Source information:

━━━━━━━━━━━━━━━━━━━━━━━━━━━━━━

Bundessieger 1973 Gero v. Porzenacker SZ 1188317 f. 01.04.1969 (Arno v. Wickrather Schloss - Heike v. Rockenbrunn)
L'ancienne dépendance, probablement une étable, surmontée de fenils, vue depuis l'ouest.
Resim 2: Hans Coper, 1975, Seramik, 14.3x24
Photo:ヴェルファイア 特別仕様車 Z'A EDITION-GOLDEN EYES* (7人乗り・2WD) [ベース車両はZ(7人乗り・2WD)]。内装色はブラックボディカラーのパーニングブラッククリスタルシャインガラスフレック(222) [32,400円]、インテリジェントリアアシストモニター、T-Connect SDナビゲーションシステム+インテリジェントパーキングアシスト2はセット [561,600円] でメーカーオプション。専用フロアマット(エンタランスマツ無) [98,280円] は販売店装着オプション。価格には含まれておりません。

━━━━━━━━━━━━━━━━━━━━━━━━━━━━━━

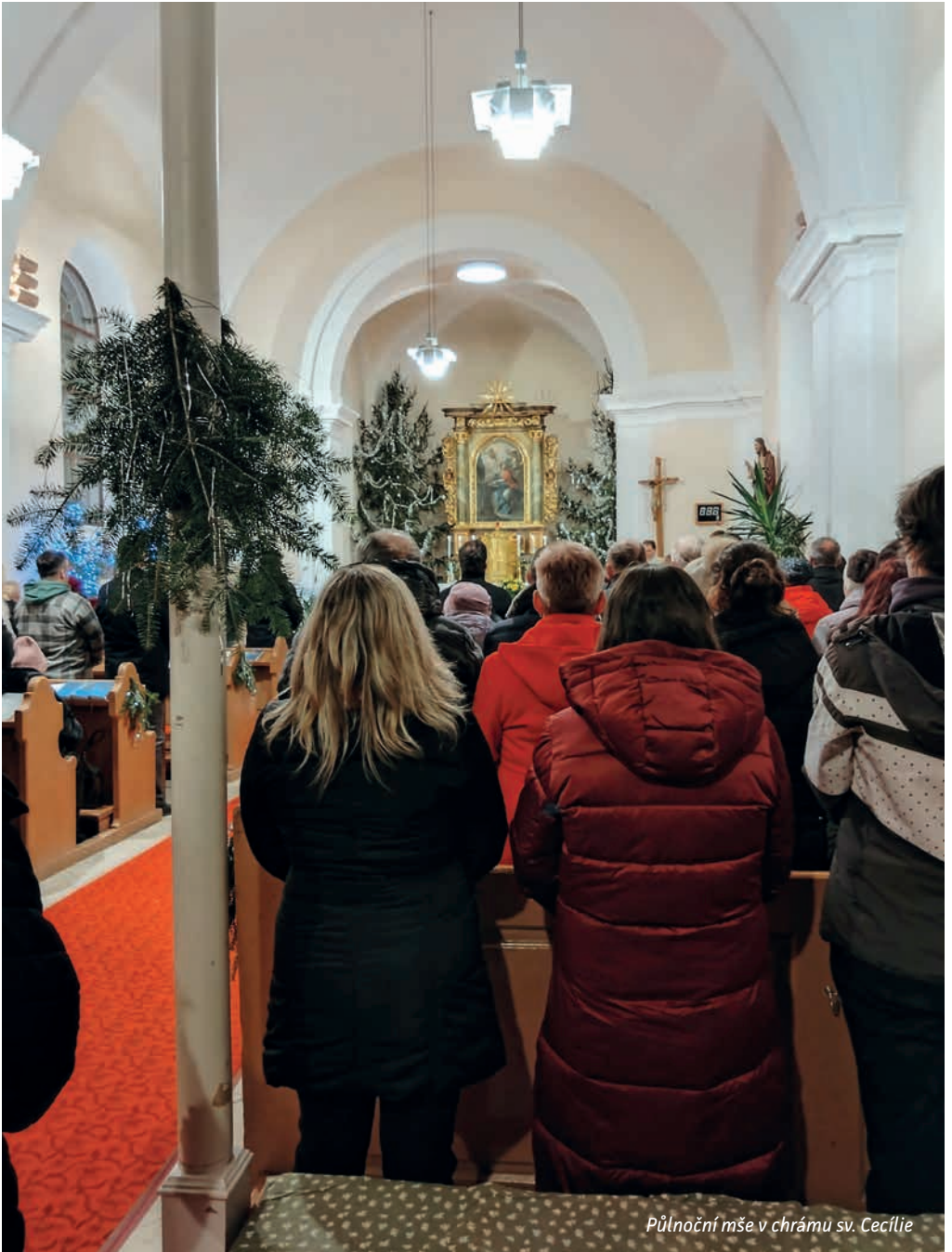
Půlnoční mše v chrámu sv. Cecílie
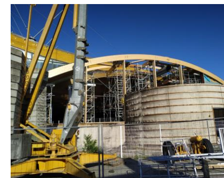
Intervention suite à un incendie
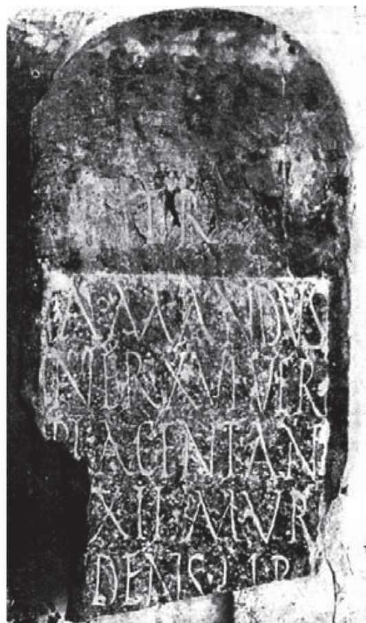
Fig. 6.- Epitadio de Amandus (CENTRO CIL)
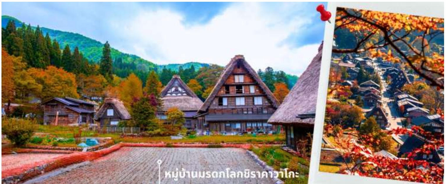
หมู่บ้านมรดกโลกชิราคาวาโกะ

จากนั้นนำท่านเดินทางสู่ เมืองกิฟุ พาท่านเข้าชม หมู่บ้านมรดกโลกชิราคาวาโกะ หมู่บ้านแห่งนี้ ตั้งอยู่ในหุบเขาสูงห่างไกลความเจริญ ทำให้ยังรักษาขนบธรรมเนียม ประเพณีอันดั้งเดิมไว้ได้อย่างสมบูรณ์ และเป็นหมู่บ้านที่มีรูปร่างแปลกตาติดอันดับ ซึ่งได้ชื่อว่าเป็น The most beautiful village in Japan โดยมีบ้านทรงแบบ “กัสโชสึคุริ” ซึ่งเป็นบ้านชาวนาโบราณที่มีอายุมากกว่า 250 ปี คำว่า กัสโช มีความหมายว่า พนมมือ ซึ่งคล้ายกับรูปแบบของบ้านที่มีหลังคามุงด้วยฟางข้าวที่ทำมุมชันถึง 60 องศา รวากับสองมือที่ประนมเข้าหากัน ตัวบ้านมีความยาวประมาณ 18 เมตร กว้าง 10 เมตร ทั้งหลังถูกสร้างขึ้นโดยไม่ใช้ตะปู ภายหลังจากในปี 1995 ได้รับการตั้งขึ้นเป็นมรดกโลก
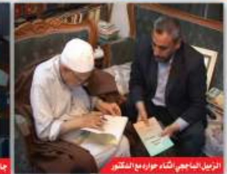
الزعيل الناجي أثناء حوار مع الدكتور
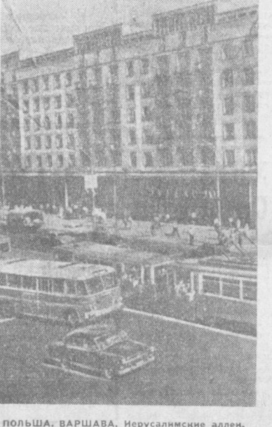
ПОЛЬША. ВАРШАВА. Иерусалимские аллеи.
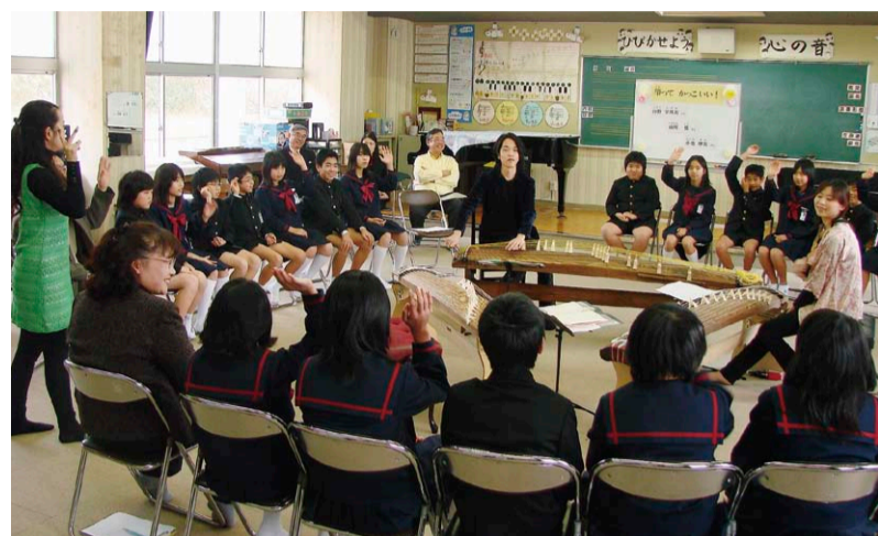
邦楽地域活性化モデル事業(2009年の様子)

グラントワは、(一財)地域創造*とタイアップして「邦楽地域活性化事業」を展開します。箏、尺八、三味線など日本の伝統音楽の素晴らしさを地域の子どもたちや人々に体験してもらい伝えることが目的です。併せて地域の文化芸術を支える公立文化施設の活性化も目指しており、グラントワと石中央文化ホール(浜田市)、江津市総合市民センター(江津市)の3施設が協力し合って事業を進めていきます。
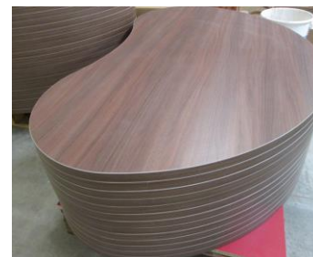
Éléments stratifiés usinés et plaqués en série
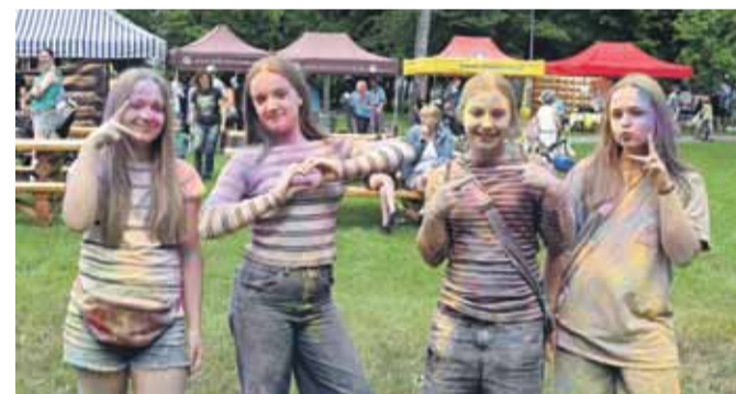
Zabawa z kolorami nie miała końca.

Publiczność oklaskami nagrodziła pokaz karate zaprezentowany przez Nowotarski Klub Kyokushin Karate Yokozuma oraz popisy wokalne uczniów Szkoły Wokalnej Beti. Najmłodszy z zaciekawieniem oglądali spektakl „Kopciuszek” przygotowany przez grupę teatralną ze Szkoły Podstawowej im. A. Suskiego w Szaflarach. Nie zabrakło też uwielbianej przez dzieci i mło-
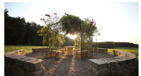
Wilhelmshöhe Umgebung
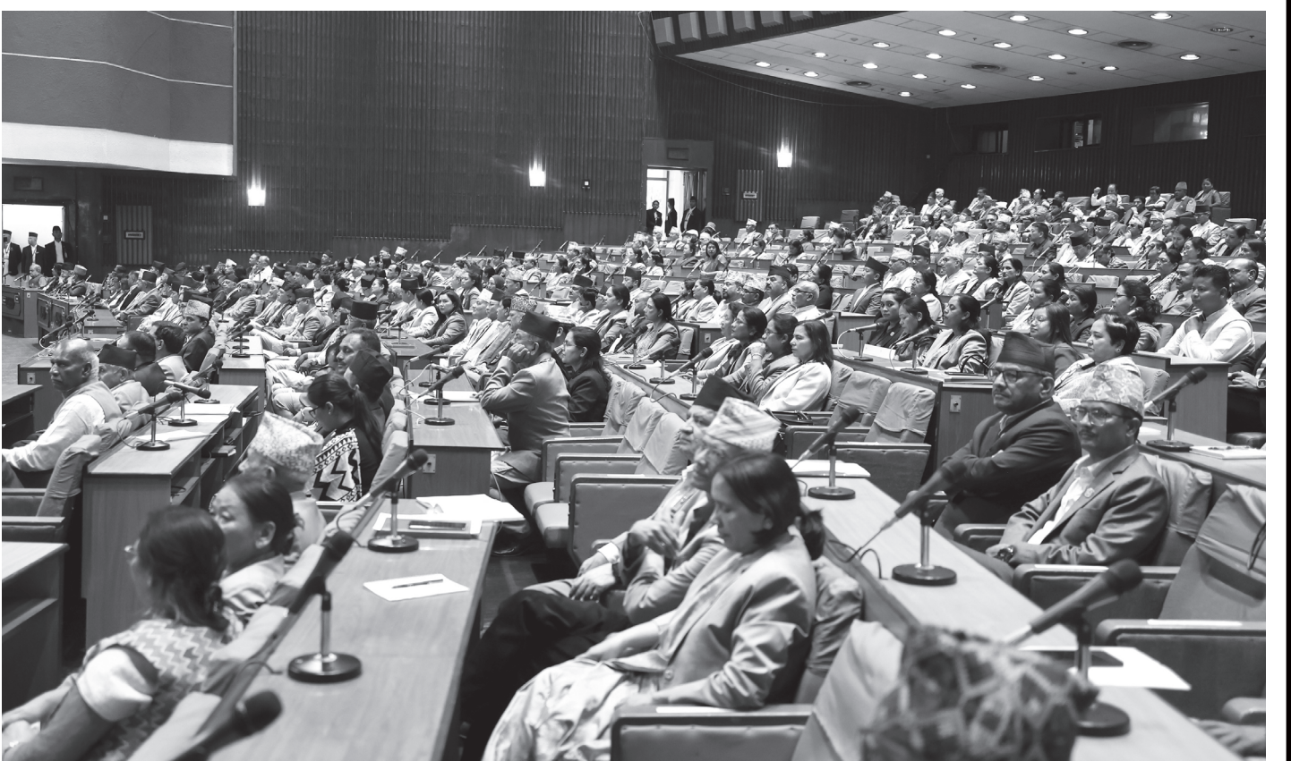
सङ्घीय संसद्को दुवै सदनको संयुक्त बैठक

━━━━━━━━━━━━━━━━━━━━━━━━━━━━━━

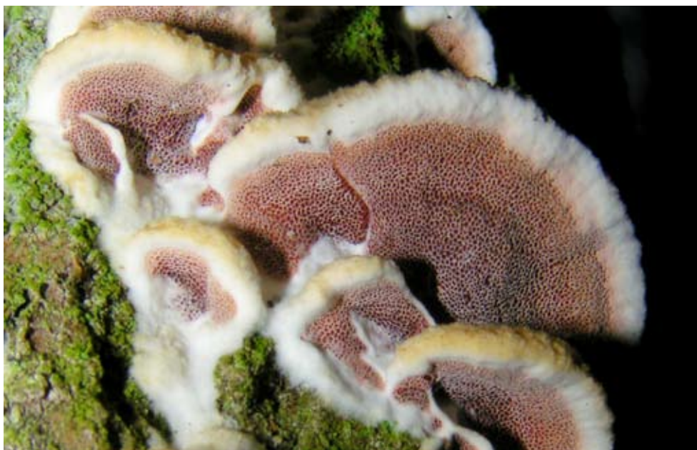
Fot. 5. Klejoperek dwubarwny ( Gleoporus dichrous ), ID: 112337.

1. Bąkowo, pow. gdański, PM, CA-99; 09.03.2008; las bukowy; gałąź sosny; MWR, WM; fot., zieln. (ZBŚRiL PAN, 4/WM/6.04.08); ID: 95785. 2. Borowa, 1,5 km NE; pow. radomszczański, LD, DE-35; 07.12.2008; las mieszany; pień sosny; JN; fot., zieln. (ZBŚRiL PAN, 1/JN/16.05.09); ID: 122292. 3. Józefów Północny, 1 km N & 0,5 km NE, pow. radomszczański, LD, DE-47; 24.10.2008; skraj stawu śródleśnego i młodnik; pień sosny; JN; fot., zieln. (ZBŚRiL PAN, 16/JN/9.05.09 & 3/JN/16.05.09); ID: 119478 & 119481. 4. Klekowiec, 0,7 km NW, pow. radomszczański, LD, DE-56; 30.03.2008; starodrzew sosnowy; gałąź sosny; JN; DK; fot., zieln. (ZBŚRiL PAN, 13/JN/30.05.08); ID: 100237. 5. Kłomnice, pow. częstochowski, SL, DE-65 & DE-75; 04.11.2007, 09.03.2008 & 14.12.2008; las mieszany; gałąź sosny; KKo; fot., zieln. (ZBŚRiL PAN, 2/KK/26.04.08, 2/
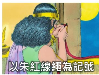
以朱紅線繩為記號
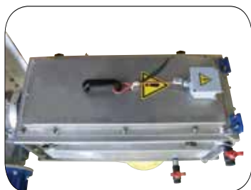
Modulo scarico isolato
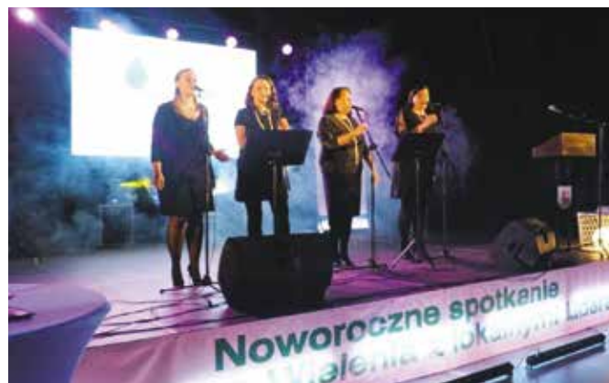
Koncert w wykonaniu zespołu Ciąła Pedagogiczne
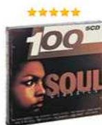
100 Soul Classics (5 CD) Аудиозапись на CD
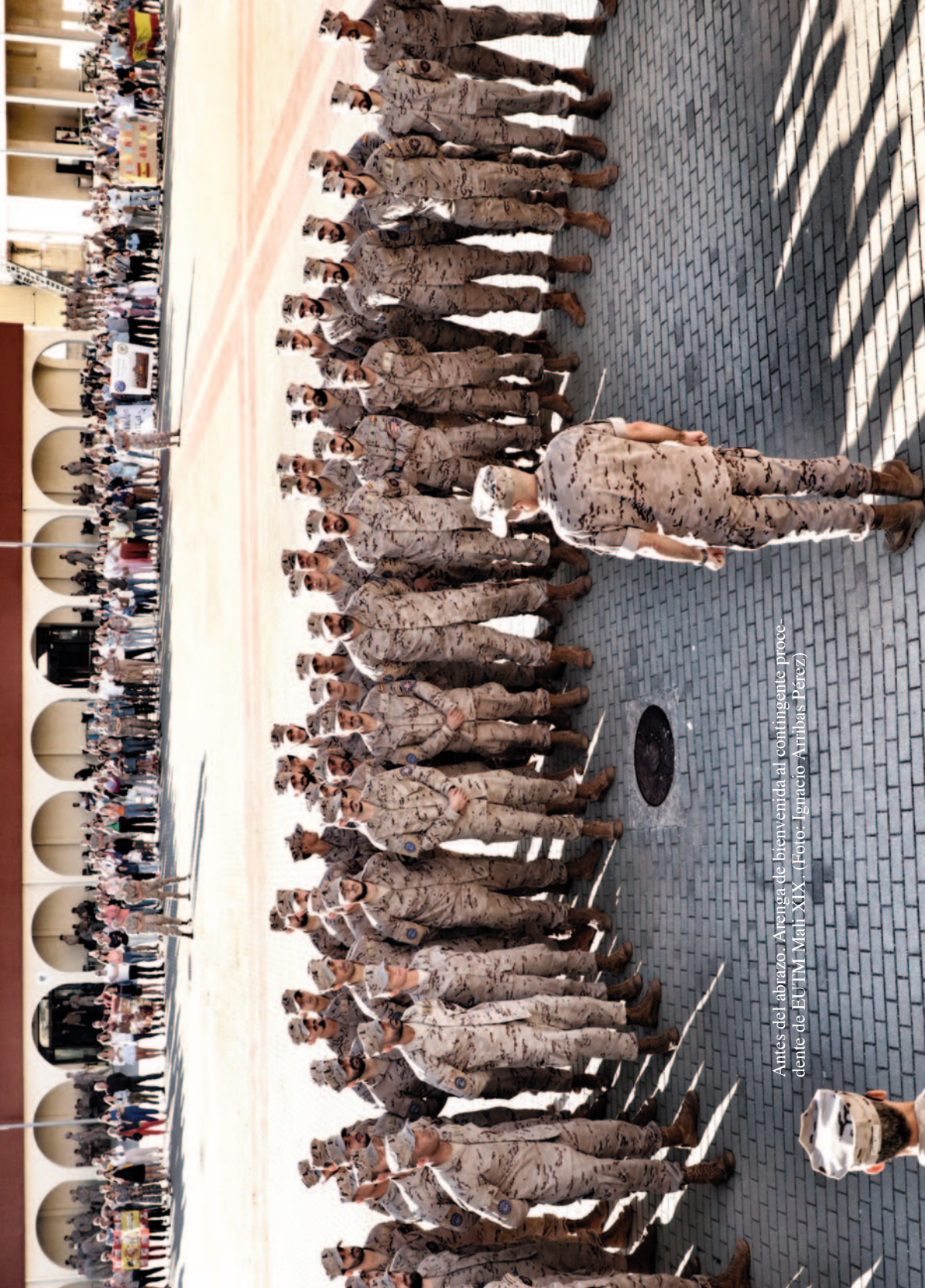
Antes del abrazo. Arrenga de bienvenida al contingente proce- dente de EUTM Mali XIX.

━━━━━━━━━━━━━━━━━━━━━━━━━━━━━━

In the listing above, find the line with "Bundessieger 1973 Gero" and the line with "Photo:ヴェルファイア 特別仕様車 Z'A", then print exactly those two lines and every line between them, and nothing more.

Bundessieger 1973 Gero v. Porzenacker SZ 1188317 f. 01.04.1969 (Arno v. Wickrather Schloss - Heike v. Rockenbrunn)
L'ancienne dépendance, probablement une étable, surmontée de fenils, vue depuis l'ouest.
Resim 2: Hans Coper, 1975, Seramik, 14.3x24
Photo:ヴェルファイア 特別仕様車 Z'A EDITION-GOLDEN EYES* (7人乗り・2WD) [ベース車両はZ(7人乗り・2WD)]。内装色はブラックボディカラーのパーニングブラッククリスタルシャインガラスフレック(222) [32,400円]、インテリジェントリアアシストモニター、T-Connect SDナビゲーションシステム+インテリジェントパーキングアシスト2はセット [561,600円] でメーカーオプション。専用フロアマット(エンタランスマツ無) [98,280円] は販売店装着オプション。価格には含まれておりません。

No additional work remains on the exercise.